Lipid-protein interactions in rat renal subcellular membranes: a biophysical and biochemical study

The phase behavior of plasma membrane (PM), endoplasmic reticulum (ER), and nuclear membranes (NM) isolated from adult rat papillary cells was studied using the molecular probe Laurdan. The steady-state fluorescence data analysis was correlated with the lipid composition obtained by biochemical assays. The comparison between intact membranes and protein-free reconstituted vesicles using the whole lipid extract shows the essential role of proteins on the temperature response of natural membranes. The phospholipid (PL) and cholesterol (Cho) content was measured in the three membrane fractions, the PL/Cho molar ratio being between 1.5 and 1.9. However, Laurdan's parameters in NM show a fluid phase state pattern even at low temperature (5 degrees C), with a restricted dipole relaxation in comparison with that displayed in liquid crystalline phase state lipid model membranes.
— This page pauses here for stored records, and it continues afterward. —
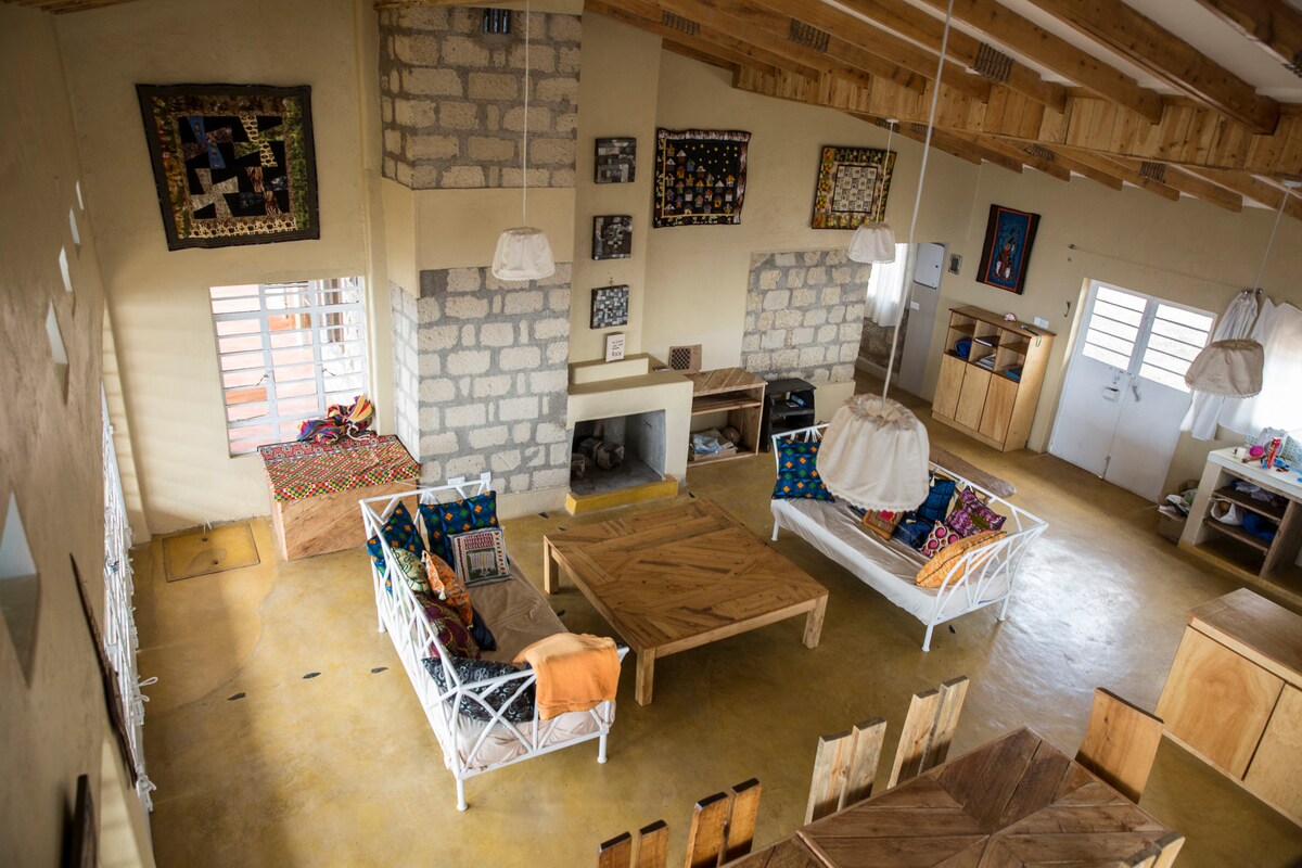 Nyd de dejlige omgivelser i denne romantiske bolig i naturen. Pendo-huset er et containerhus med et soveværelse, der ligger i et roligt hjørne af et lille samfund kaldet Lucky Base. Der er en smuk blomsterhave, en blød græsplæne og en lille pool, der snart er klar, så du kan nyde den under den blå himmel i Kajiado. En perfekt udflugt for par, læsere og naturelskere, især fuglekiggere og blomsterhandlere.
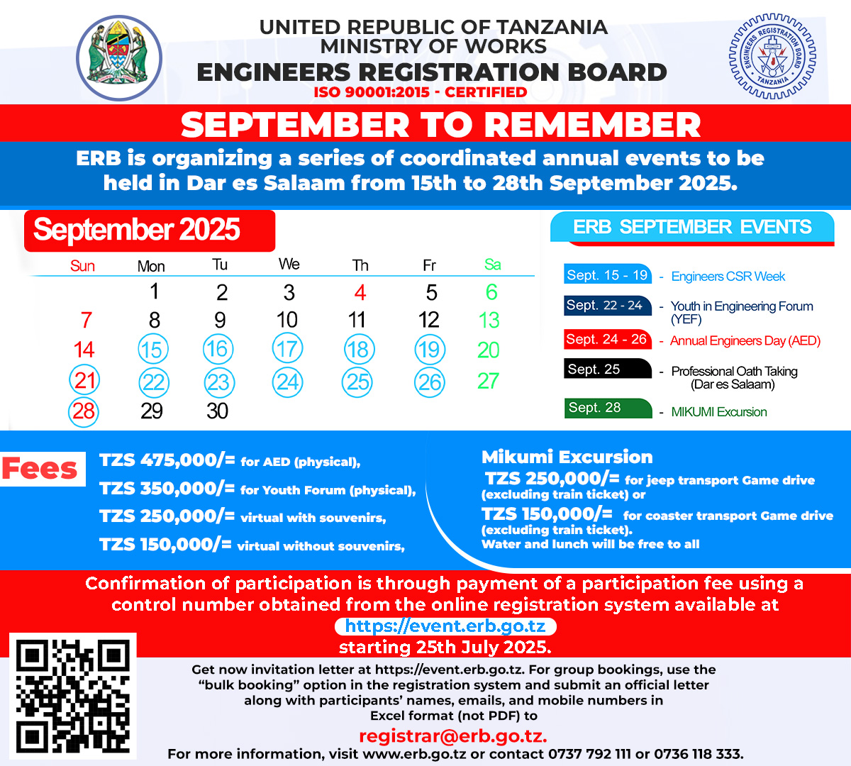 The Board is organizing three events YEF, AED and MARATHON scheduled in September 2025. These events are aligned with ERB‘s mandate to foster professional development among engineering practitioners. They are also part of ERB contemporary priorities, which are attaining gender equality in the profession by 2030, Youth acceleration and Supporting STEM teaching and learning in Secondary Schools. STEM is a foundation for tertiary engineering training.
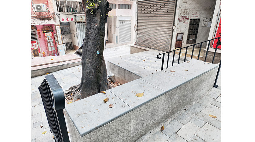 陸錦榮指出,重整後的快艇頭里周邊設有休憩座,但古樹周邊的座椅均沒有安裝靠背。考慮到該處環境存在明顯的高低落差,若長者或兒童在使用座椅時不慎後仰,可能存在安全風險。他建議當局優化座椅設計,加裝靠背以保障公眾安全。此外,步行梯級處存有兩個類似水池或花槽的設施目前處於閒置狀態,容易成為蚊蟲滋生的溫床,他期望當局明確設施具體用途,並盡早完成後續施工或填充,因應雨季到來,需加強周邊環境的化學滅蚊工作,避免淪為衛生死角。
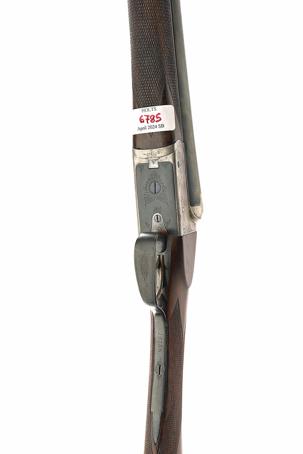WILLIAM EVANS 12-BORE BOXLOCK EJECTOR, serial no 15156, circa 1927, 28in. nitro barrels, 2 1/2in. chambers, bored approx. imp. cyl. and 1/2 choke, treble-grip action, removable striker discs, automatic safety, border and partial scroll engraving, 15 1/4in. stock including 3/4in. leather-covered recoil pad, weight 6lb. 9oz.
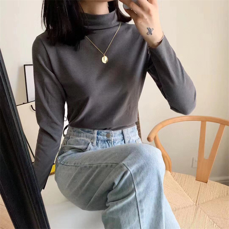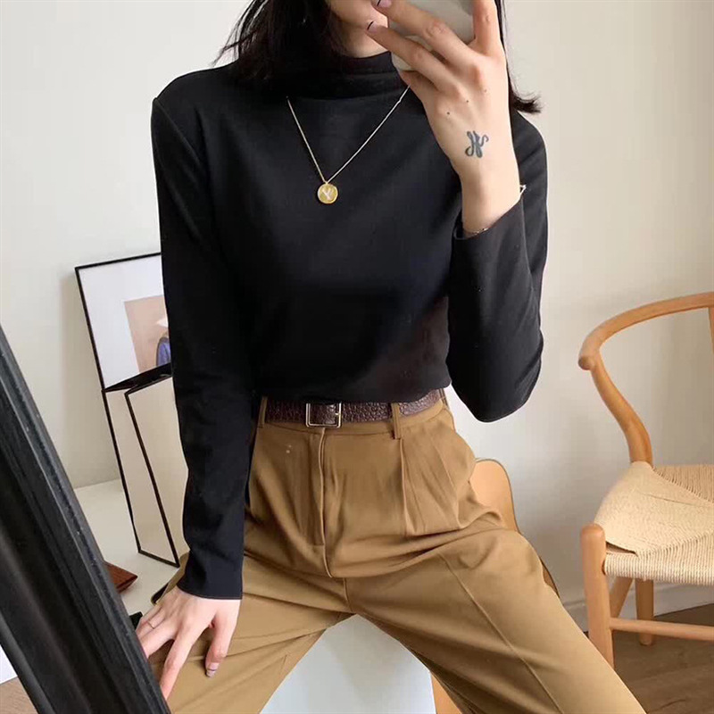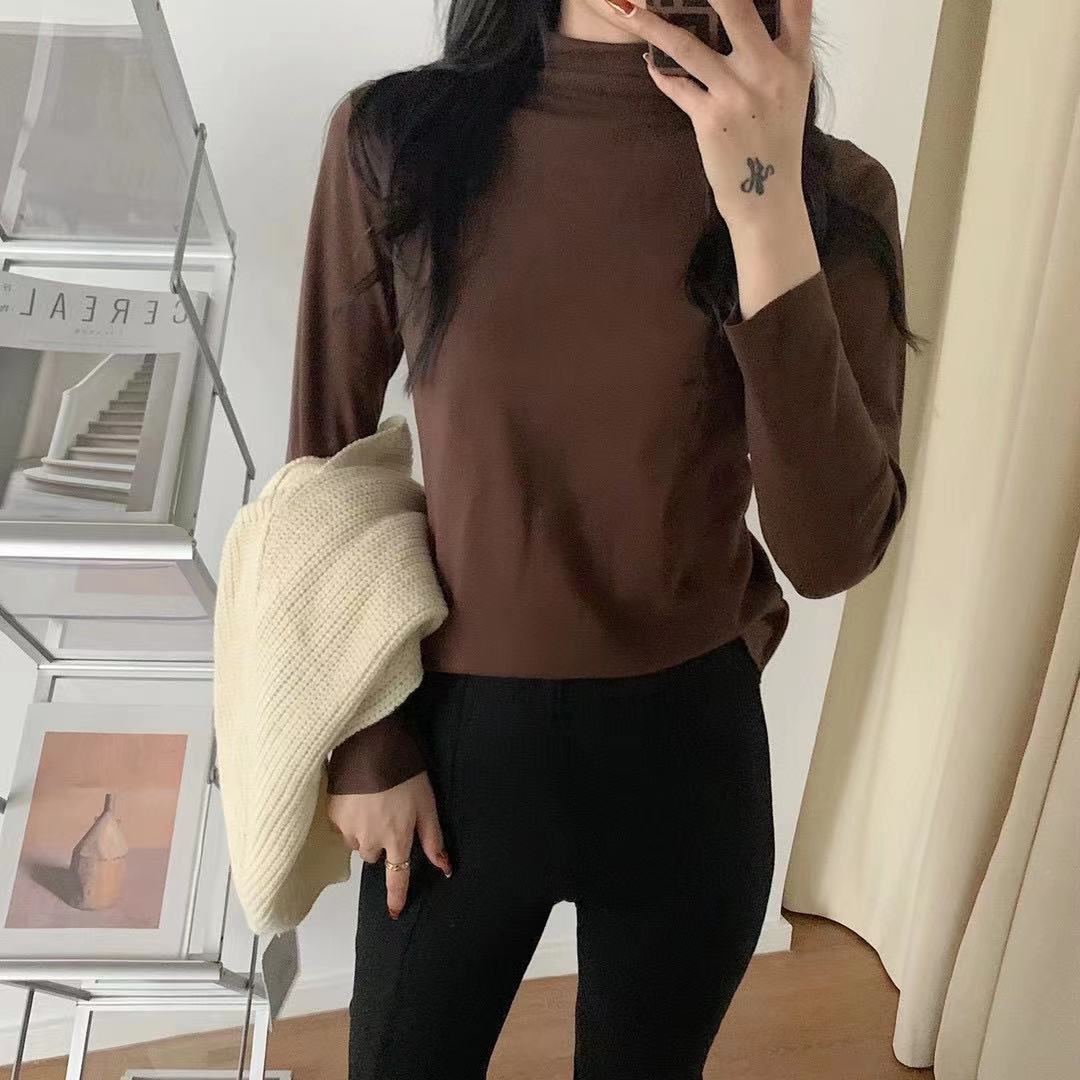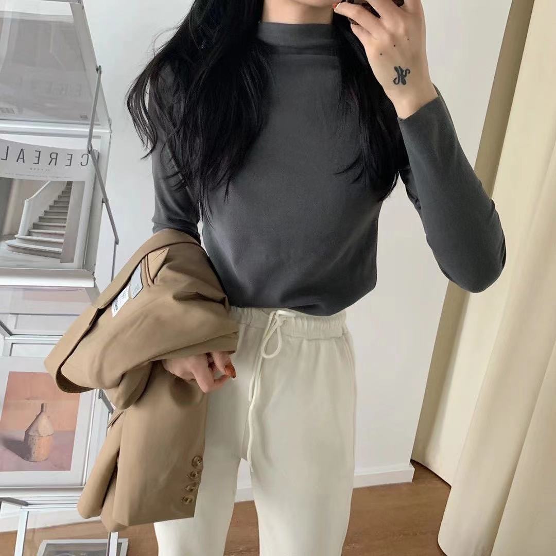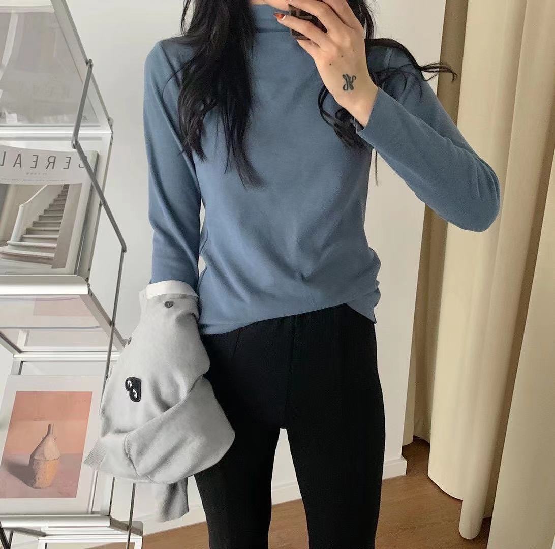 아이요미 16색 독일산 벨벳 하프 터틀넥 여성용 가을 겨울 두꺼운 보온 긴팔 다용도 슬림핏 이너웨어스토어 가기
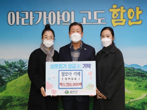 네이버 카페 함안지역 온라인 모임 함모아카페(함안 모든 아줌마들의 모임)는 지난 28일 군청을 방문하여 관내 어려운 이웃을 위해 사용해달라며 비말마스크 10,000장을 기탁했다.
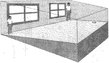 Рис. 5.27. Конструкция комнаты Эймса.На рисунке показана настоящая форма комнаты Эймса. На самом деле мальчик, который слева, находится почти вдвое дальше от наблюдателя, чем мальчик справа; однако при разглядывании комнаты через глазок это различие удаленности не обнаруживается (по: Goldstein, 1984).
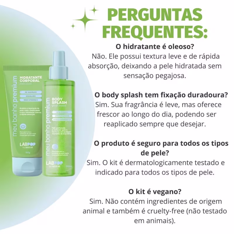 Sinta a brisa da natureza em sua pele com o Kit LabPop by Labotrat Green Breeze. Este kit é a solução ideal para quem busca hidratação e frescor em um só produto, combatendo o ressecamento e proporcionando uma sensação de bem-estar duradoura. Com o hidratante corporal e o body splash, sua pele fica macia, perfumada e revitalizada, transportando você para um jardim florido a cada aplicação. Ideal para todos os tipos de pele, este kit oferece uma experiência sensorial única, cuidando da sua pele intensamente e garantindo um toque suave e refrescante ao longo do dia. Experimente o poder da natureza com LABOTRAT!

PM and ER are in a gel-like state at temperatures below 20 degrees C, showing increasing dipole relaxation with temperature. The curved fits obtained are characteristic of cholesterol-enriched membranes. The distinctive phase behavior of nuclear membranes vanishes when proteins are extracted. However, relaxation is still faster in this fraction, which correlates with the native lipid composition. NM has the lowest percentage of phosphatidylinositol and sphingomyelin-the latter being a highly saturated phospholipid- and the highest percentage of phosphatidylcholine and phosphatidylethanolamine (PE), nuclear PE being enriched in arachidonic acid. All these changes agree with the higher fluidity of NM compared with ER or PM in the conditions assayed.